Personally, while I think we must keep all the ones you don’t like, I’d happily do away with the 16th and the 17th Amendments.
This means they did not agree with you, and therefore their document was not intended to agree with you either.
Forget about them for a minute.
How about you? Are black men men, or not?
Are they or are they not endowed by their Creator with certain UNALIENABLE rights?
"We hold these truths to be self-evident, that all men are CREATED EQUAL, that they are endowed by their Creator with certain unalienable rights, that among these are life, liberty and the pursuit of happiness. That to secure these rights, governments are instituted among men..."
“These communities [the Fathers of the Republic], by their representatives in old Independence Hall, said to the whole world of men: ‘We hold these truths to be self-evident: that all men are created equal; that they are endowed by their Creator with certain inalienable rights; that among these are life, liberty, and the pursuit of happiness.’
“This was their majestic interpretation of the economy of the Universe. This was their lofty, and wise, and noble understanding of the justice of the Creator to his creatures.
“Yes, gentlemen, to all his creatures, to the whole great family of man. In their enlightened belief, nothing stamped with the Divine image and likeness was sent into the world to be trodden on and degraded, and imbruted by its fellows. They grasped not only the whole race of man then living, but they reached forward and seized upon the farthest posterity. They erected a beacon to guide their children, and their children’s children, and the countless myriads who should inhabit the earth in other ages.
“Wise statesmen as they were, they knew the tendency of prosperity to breed tyrants, and so they established these great self-evident truths, that when in the distant future some man, some faction, some interest, should set up the doctrine that none but rich men, or none but white men, or none but Anglo-Saxon white men, were entitled to life, liberty, and the pursuit of happiness, their posterity might look up again to the Declaration of Independence and take courage to renew the battle which their fathers began, so that truth and justice and mercy and all the humane and Christian virtues might not be extinguished from the land; so that no man would hereafter dare to limit and circumscribe the great principles on which the temple of liberty was being built.

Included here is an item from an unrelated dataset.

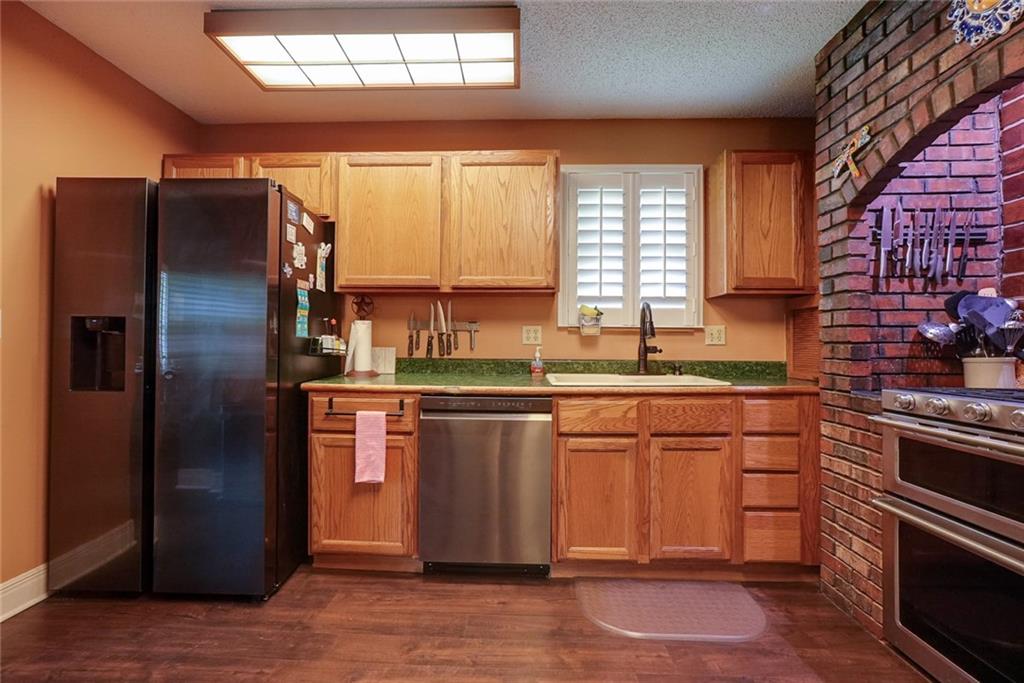 Kitchen featuring wood-finish flooring, natural wood cabinetry, and a brick-arch oven surround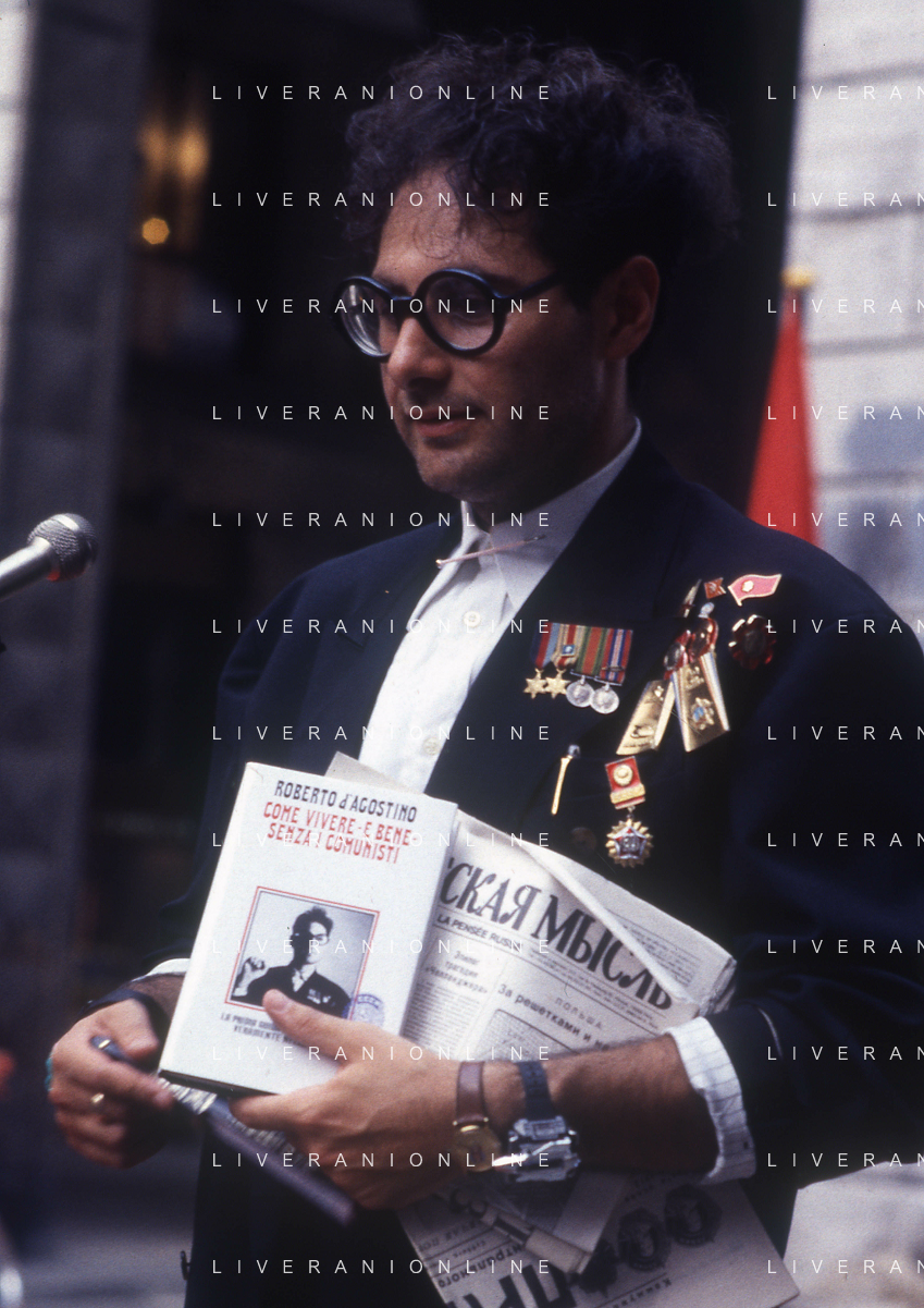 DIAP- RETROSPETTIVA ROBERTO D'AGOSTINO GIORNALISTA-OPINIONISTA PERSONAGGIO TELEVISIVO NELLA FOTO ROBERTO D'AGOSTINO NELL'ANNO 1987 CON IL SUO LIBRO “COME VIVERE BENE E SENZA I COMUNISTI“ AG ALDO LIVERANI SAS

“Now, my countrymen, if you have been taught doctrines conflicting with the great landmarks of the Declaration of Independence; if you have listened to suggestions which would take away from its grandeur and mutilate the fair symmetry of its proportions; if you have been inclined to believe that all men are not created equal in those inalienable rights enumerated by our chart of liberty, let me entreat you to come back. Return to the fountain whose waters spring close by the blood of the Revolution. Think nothing of me take no thought for the political fate of any man whomsoever but come back to the truths that are in the Declaration of Independence. You may do anything with me you choose, if you will but heed these sacred principles. You may not only defeat me for the Senate, but you may take me and put me to death. While pretending no indifference to earthly honors, I do claim to be actuated in this contest by something higher than an anxiety for office. I charge you to drop every paltry and insignificant thought for any man’s success. It is nothing; I am nothing; Judge Douglas is nothing. But do not destroy that immortal emblem of Humanity the Declaration of American Independence.”
— Abraham Lincoln, speech in Lewiston, Illinois, August 17, 1858, four days before his first historic debate with Stephen A. Douglas, Printed in the Chicago Press and Tribune.